Note: I originally wrote this on an internal Amazon blog in 2006. This is the original version with a few edits. A newer paper covering the same content can be found on the AWS Builder's Library, Avoiding fallback in distributed systems.
More complicated software is more buggy, so programmers try to apply Occam's Razor and code as simply as possible (but no simpler). But how does one define "complexity"? Lines of code? Number of modules? In this essay I'm going to focus on one of the most important measures of complexity of a distributed system: modes.
To illustrate the concept, consider a common dilemma: Your service needs to send a message to another service, and that other service might be down. You want to make sure the message eventually makes it to that service.
In this situation, and others like it, I usually hear the following proposal:
Try to send the message to the other service.
If that doesn't work (times out, ACK never received, etc), write the message to disk and try again later.
Now, there are other problems here that are out of scope of this entry, (such as losing the message if the originating machine has a disk failure, or sending the message twice), but the only problem I'd like to focus on is the modal nature of this behavior. It's modal because it has a happy mode where it does one thing, and an unhappy mode where it does something very different (i.e., write to disk).
Modal designs such as this one suffer from code rot, a disease that afflicts any piece of code that hasn't been run for a while. Much like an unused limb, unused code will eventually atrophy and stop working. Let's consider a simple example and then go back to the above case.
Say you work for an insurance company. You're maintaining some big ol' COBOL program on a water-cooled IBM 360 mainframe that, by itself, consumes more energy than some small nation-states. Your boss wants you to run a job that's going to calculate some critically important information. You have 30 minutes to do it, and your boss has made it clear you'll be fired if it isn't ready on time. How likely is it that you'll start working on your resume; if the code for the job was last run:
3 minutes ago?
1 week ago?
6 months ago?
1 year ago?
10 years ago?
I'm guessing that starting at the 6 month mark you'd be looking around the copier room for some heavy stock paper.
In the more complicated case of our client and server, chances are, the writing-to-disk mode is rarely executed. If the service is reliable enough, in fact, the client may not run that code for months at a time. So, even assuming you tested it when you first wrote that code (you did, didn't you? You forced the service to be down to make sure that this code was working correctly, right?), how do you know that it will still work? Six months later, the disk might be close to full. Or some config file might now be missing that told you which file to open, or some minor change in another part of the codebase accidentally messed up the writing-to-disk code.
Furthermore, keep in mind that this code is going to be running under duress. It's the unhappy case, right? If the remote service was down, well, then something nasty is probably wrong. Maybe it's affecting you too. This code could easily have negative side-effects that make recovery from this situation more difficult, such as filling up the local disk with messages and making all subsequent disk writes fail, etc. During an outage, this can make it much more difficult for the people diagnosing the problem to figure out what's wrong. They may start by assuming the problem is that the disk on your client machine is full and waste precious time that should be spent focusing on the server.

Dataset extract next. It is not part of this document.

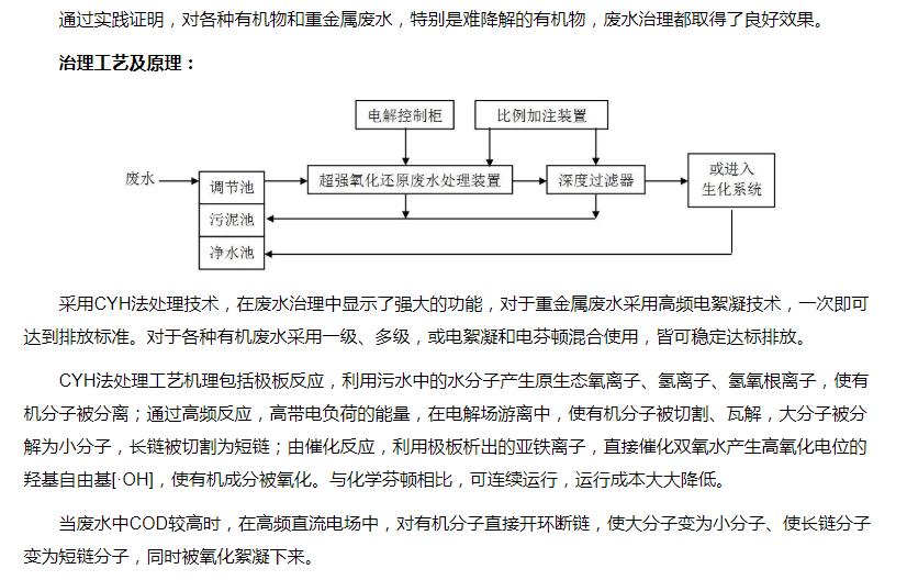 超強氧化還原廢水處理裝置(CYH法)處理各種有機廢水、各種重金屬廢水

Lastly, let's call into question a really basic assumption that underlay the design: writing to disk is too slow, so we don't normally want to do it. Problem is, if it was too slow in the happy case, guess what, it's going to be too slow in the unhappy case. This kind of software engineering logical fallacy comes up a lot. I remember one project on my team had the fallback plan (when the in-memory cache was broken) of hitting the backend relational database directly. We even deployed production code that did this. Sure enough, the first serious failure took down the database (which happened to have other highly important stuff on it, unfortunately). Didn't do us any good. We could have avoided the whole problem if we'd just asked ourselves, if it's too slow to access the database, why would it be ok to access it when things start going wrong?
So what woiuld be the right thing to do in the writing-to-disk case? Pretty simple (ignoring the other issues with the design, of course). Always write to disk, then try to send the message. Yep, it is slower, on average. But if you can't afford the slowness now, why will you ever be able to afford it?
Let's now summarize all the problems with modes:
There are more cases to test, some of which can be hard because some service you talk to has to be down (or appear to be) in order to test.
The unhappy mode will be afflicted by code rot.
There's a logical fallacy that the undesirable mode is somehow "okay" when things are wrong; more likely it's the worst thing you could do.
If you've been a follower of Armando Fox's research into recovery-oriented computing, this may seem familiar. For example, check out his teams' research paper that describes a relatively mode-free service, Session State: Beyond Soft State.